**WORK ORDER**
The response must consist of the lines below from the one with "The Fulton Pendant/Semi-Flushmount" through the one with "Каталог запасных частей", exactly as they appear and with both ends kept.

**DATA**

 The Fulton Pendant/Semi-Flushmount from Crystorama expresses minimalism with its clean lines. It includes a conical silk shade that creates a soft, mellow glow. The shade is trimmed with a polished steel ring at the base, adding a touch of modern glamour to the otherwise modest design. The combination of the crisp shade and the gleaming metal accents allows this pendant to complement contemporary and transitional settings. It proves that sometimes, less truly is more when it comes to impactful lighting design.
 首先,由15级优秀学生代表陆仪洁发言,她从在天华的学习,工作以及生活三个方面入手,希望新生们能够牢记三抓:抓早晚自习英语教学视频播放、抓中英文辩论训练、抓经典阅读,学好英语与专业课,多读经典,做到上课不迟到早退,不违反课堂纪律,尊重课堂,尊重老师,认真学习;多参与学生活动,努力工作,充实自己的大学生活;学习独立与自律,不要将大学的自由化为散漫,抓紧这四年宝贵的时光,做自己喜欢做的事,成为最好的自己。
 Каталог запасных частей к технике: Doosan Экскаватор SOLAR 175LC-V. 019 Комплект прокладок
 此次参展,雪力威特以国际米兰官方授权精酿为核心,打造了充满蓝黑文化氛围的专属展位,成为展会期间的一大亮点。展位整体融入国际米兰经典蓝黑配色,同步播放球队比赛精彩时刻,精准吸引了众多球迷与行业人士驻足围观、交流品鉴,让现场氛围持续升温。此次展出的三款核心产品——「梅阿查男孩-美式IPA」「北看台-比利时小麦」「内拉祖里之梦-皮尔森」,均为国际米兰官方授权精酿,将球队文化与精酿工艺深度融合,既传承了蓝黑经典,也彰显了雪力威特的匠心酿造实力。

---

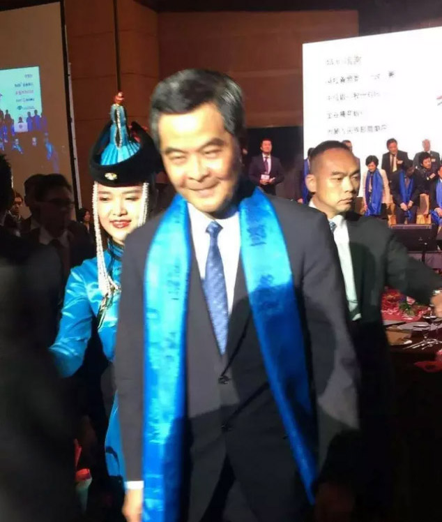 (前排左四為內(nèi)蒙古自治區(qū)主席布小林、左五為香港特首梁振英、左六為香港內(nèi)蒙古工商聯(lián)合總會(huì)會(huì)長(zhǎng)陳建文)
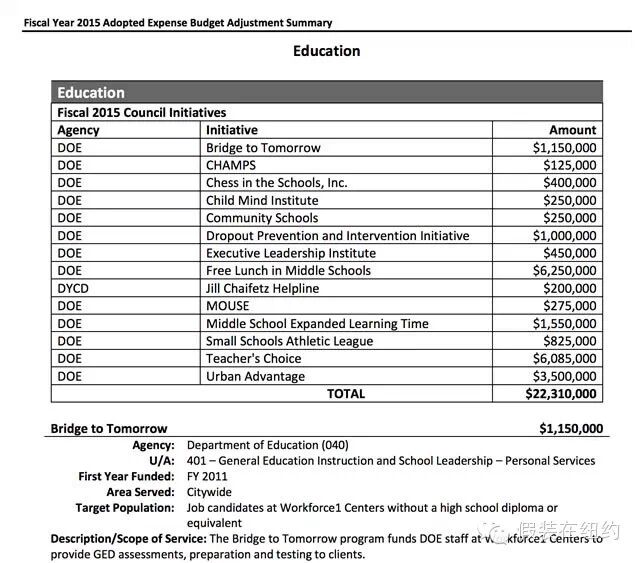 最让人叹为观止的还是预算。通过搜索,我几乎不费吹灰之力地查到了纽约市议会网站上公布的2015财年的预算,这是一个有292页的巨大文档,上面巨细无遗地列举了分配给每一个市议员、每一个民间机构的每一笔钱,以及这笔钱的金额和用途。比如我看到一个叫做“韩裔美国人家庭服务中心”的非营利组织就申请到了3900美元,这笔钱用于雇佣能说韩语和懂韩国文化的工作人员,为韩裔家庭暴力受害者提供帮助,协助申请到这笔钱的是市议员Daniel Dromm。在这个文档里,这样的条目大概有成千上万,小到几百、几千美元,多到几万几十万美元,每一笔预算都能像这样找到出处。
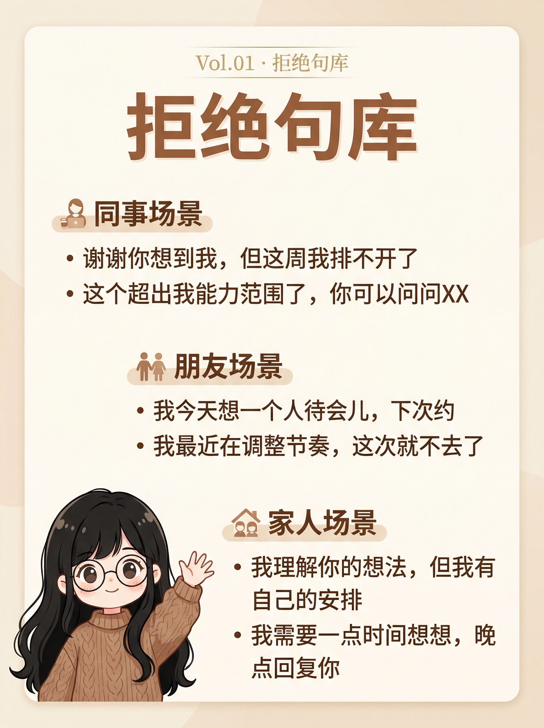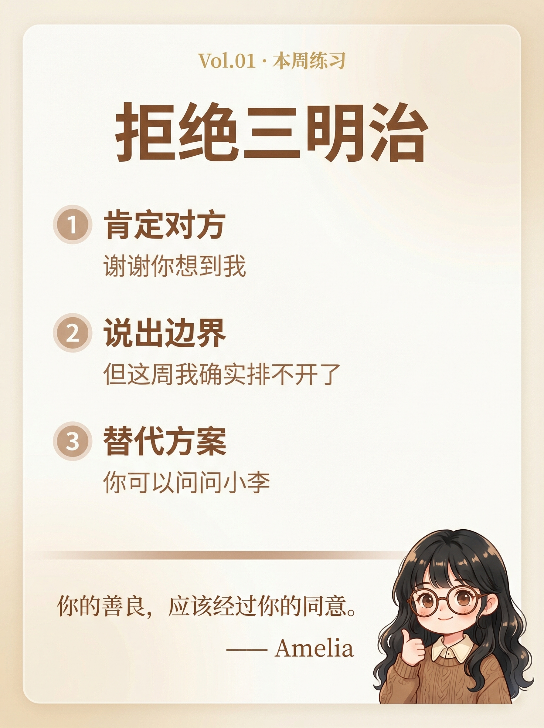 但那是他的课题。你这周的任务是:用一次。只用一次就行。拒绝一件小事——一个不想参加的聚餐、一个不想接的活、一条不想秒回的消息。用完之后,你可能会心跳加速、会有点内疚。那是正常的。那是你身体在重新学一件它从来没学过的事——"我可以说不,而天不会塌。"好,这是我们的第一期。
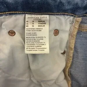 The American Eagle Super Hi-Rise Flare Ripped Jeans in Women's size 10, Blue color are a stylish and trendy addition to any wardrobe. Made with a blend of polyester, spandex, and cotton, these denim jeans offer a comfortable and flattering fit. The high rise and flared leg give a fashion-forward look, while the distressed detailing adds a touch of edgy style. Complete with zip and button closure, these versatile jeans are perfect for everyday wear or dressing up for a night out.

...

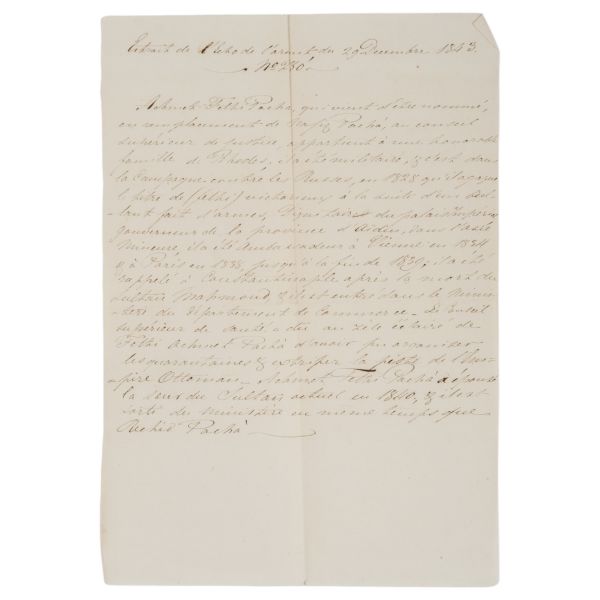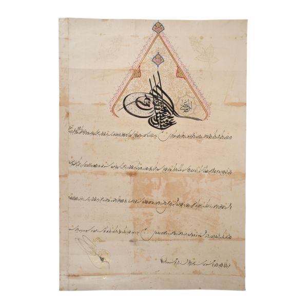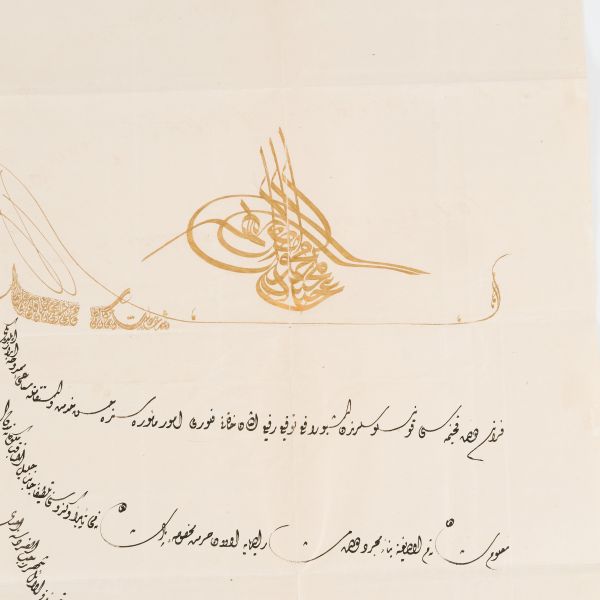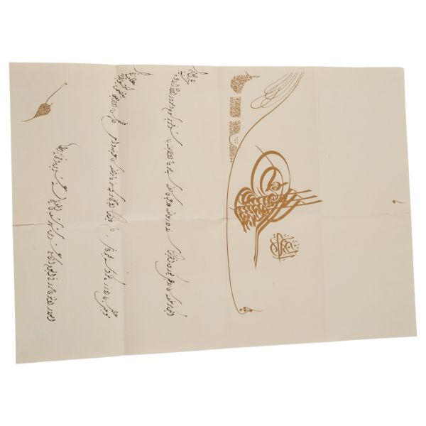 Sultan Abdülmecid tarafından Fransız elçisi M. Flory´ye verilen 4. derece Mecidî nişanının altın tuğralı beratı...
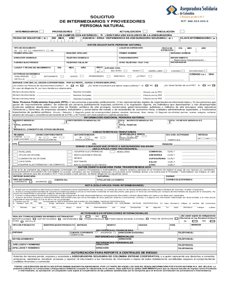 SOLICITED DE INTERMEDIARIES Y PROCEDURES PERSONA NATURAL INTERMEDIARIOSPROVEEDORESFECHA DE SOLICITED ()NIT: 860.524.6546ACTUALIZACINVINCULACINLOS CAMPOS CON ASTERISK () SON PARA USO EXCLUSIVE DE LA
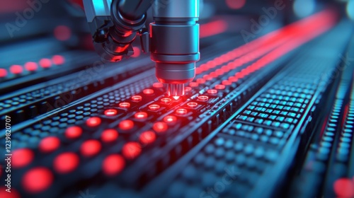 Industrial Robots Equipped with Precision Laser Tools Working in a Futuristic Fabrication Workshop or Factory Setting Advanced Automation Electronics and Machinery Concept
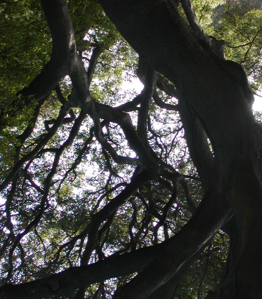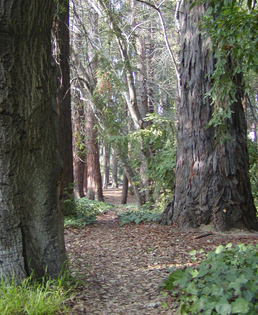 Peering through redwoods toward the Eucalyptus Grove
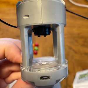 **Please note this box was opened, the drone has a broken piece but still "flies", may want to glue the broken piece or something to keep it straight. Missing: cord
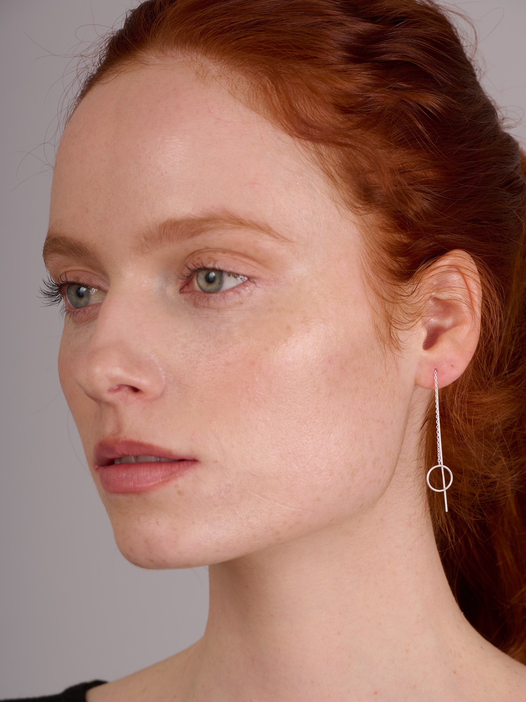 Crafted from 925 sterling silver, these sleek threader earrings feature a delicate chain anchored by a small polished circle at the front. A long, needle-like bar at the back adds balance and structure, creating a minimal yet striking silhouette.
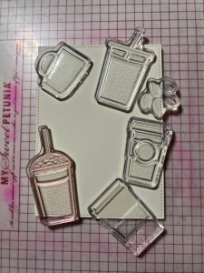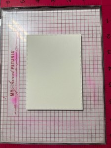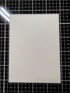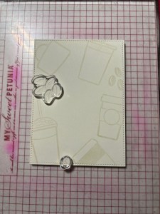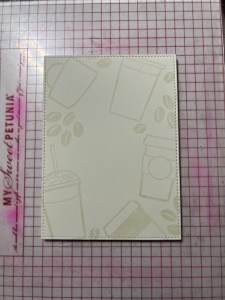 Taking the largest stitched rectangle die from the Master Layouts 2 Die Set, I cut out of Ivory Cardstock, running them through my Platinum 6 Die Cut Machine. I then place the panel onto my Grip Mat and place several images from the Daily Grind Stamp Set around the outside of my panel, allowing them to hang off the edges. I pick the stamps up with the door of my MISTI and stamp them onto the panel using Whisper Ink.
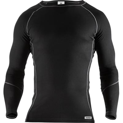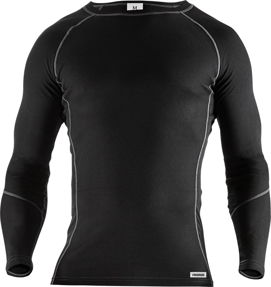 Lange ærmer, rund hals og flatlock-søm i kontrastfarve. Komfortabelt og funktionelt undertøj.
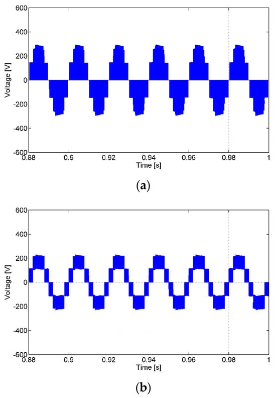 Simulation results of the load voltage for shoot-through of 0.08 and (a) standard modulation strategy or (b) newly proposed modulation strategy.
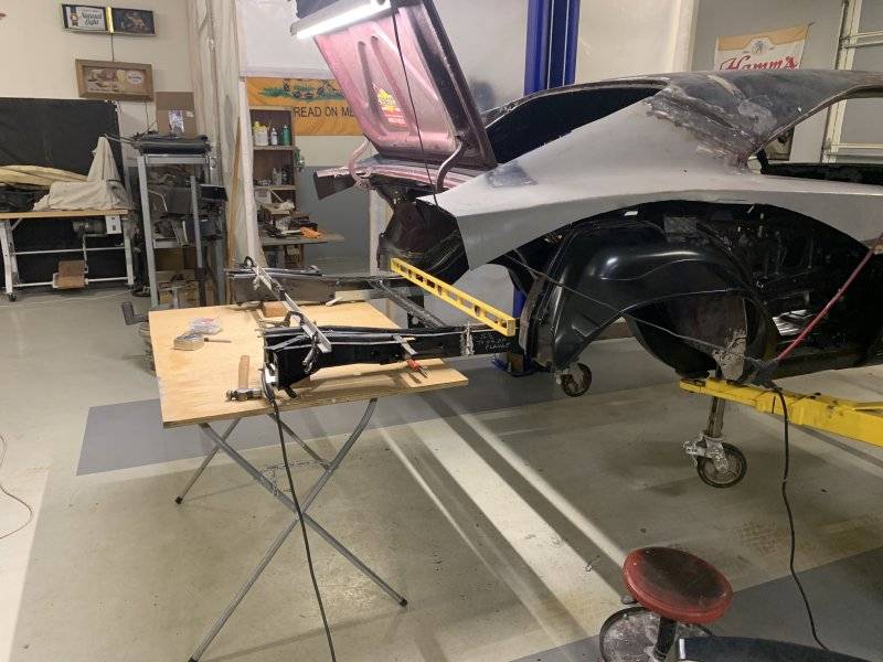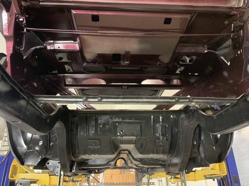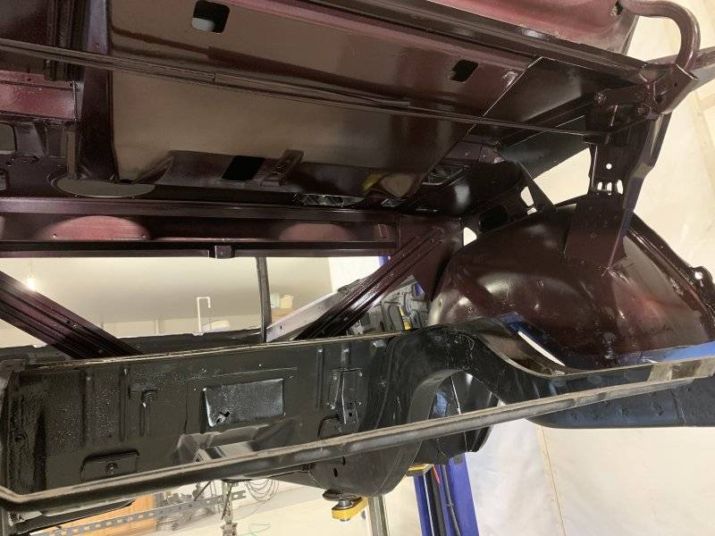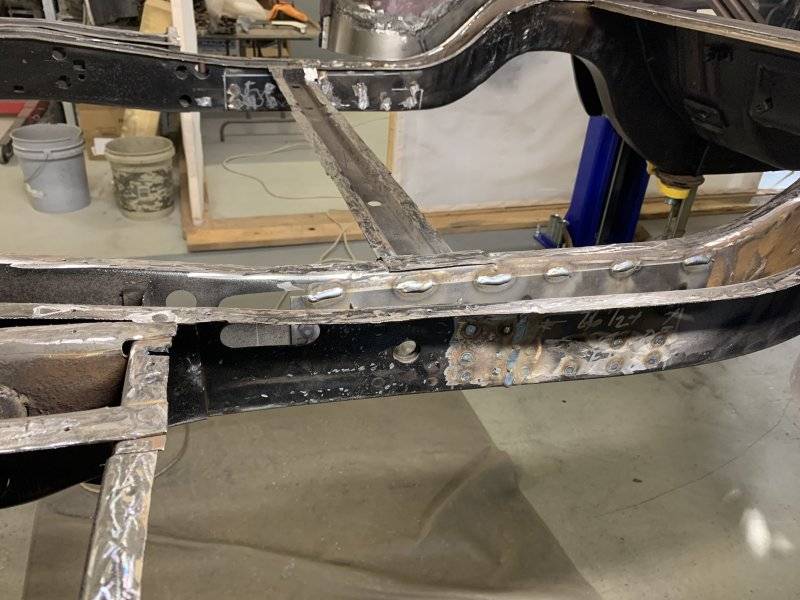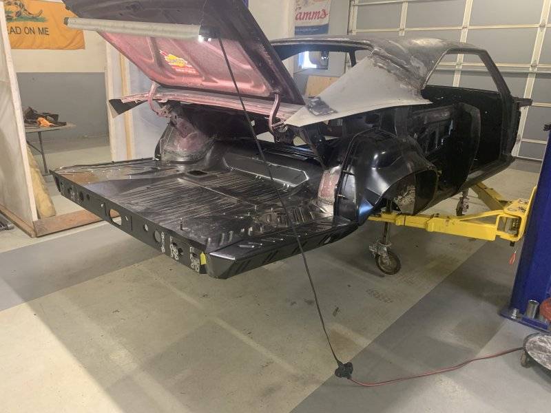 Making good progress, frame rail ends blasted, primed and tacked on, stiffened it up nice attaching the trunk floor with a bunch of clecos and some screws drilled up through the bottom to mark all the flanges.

**YOUR RESPONSE**
 The Fulton Pendant/Semi-Flushmount from Crystorama expresses minimalism with its clean lines. It includes a conical silk shade that creates a soft, mellow glow. The shade is trimmed with a polished steel ring at the base, adding a touch of modern glamour to the otherwise modest design. The combination of the crisp shade and the gleaming metal accents allows this pendant to complement contemporary and transitional settings. It proves that sometimes, less truly is more when it comes to impactful lighting design.
 首先,由15级优秀学生代表陆仪洁发言,她从在天华的学习,工作以及生活三个方面入手,希望新生们能够牢记三抓:抓早晚自习英语教学视频播放、抓中英文辩论训练、抓经典阅读,学好英语与专业课,多读经典,做到上课不迟到早退,不违反课堂纪律,尊重课堂,尊重老师,认真学习;多参与学生活动,努力工作,充实自己的大学生活;学习独立与自律,不要将大学的自由化为散漫,抓紧这四年宝贵的时光,做自己喜欢做的事,成为最好的自己。
 Каталог запасных частей к технике: Doosan Экскаватор SOLAR 175LC-V. 019 Комплект прокладок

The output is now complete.